The second leg of my plan was search engine results. Getting one’s site or merchandise to come up organically in real Google or Yahoo searches turns out to be quite an art. There are companies called SEOs – search engine optimization firms – that promise to do this for you, usually by shady and secret methods. Their typical fee is in the $6,000+ range and theirs is a buyer-beware industry. Reading up on it myself is difficult, because everything assumes that you have an HTML site and know how to maintain it; once again, the PHP engine gets in my way.

Just a few days ago, a caller showed me how to run my URL through W3C Validator, which appears to be an online HTML error checker. It found 49 errors that, according to this salesman, prevent the engines from indexing my pages. I have no idea whether that is serious, or just a sales pitch. I need someone’s help. Eric is unavailable for the time being.

This kind of thing is exactly why I started this blog. I am hoping that someone who’s already solved this problem will read it, and leave a comment. I am also hoping that it will not provoke a flurry of SEO sales calls.

As for repeat sales…my original, ambitious site design was meant to make Curio City a “sticky” destination that people would visit for fun and for community as well as for shopping. Nothing like that was implemented. I have made 341 sales to date. Exactly ONE was a repeat customer who wasn’t a friend or relative. I really expected more like 1 in 10 would come back. I still hope to see a few of them again when Christmas season starts up; even 1 in 100 would be nice! I’ve been sending out newsletters with discount offers, to hundreds of people every month. Each newsletter brings me 0-1 sales.

I ship quickly, I address complaints promptly. Only about one sale in 20 encounters any problem that I know of.

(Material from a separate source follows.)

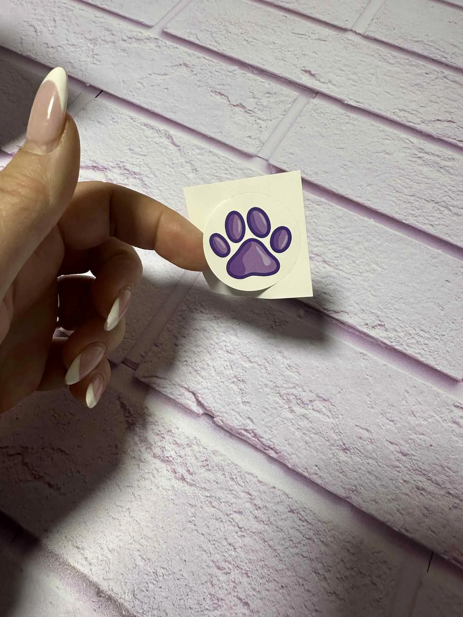 A 3.5cm x 3.5cm kiss-cut circle with my purple paw print for sealing tissue paper

I don’t think there’s anything wrong with my site, my service, or my merchandise. There’s just no particular reason for anyone to come back. I’ve thought about posting a survey or questionnaire…but again, because of the PHP, I need a developer to do that for me. I have so many higher priorities on my list.

The answer to the title question is, unsurprisingly, No. They will not come just because you built it.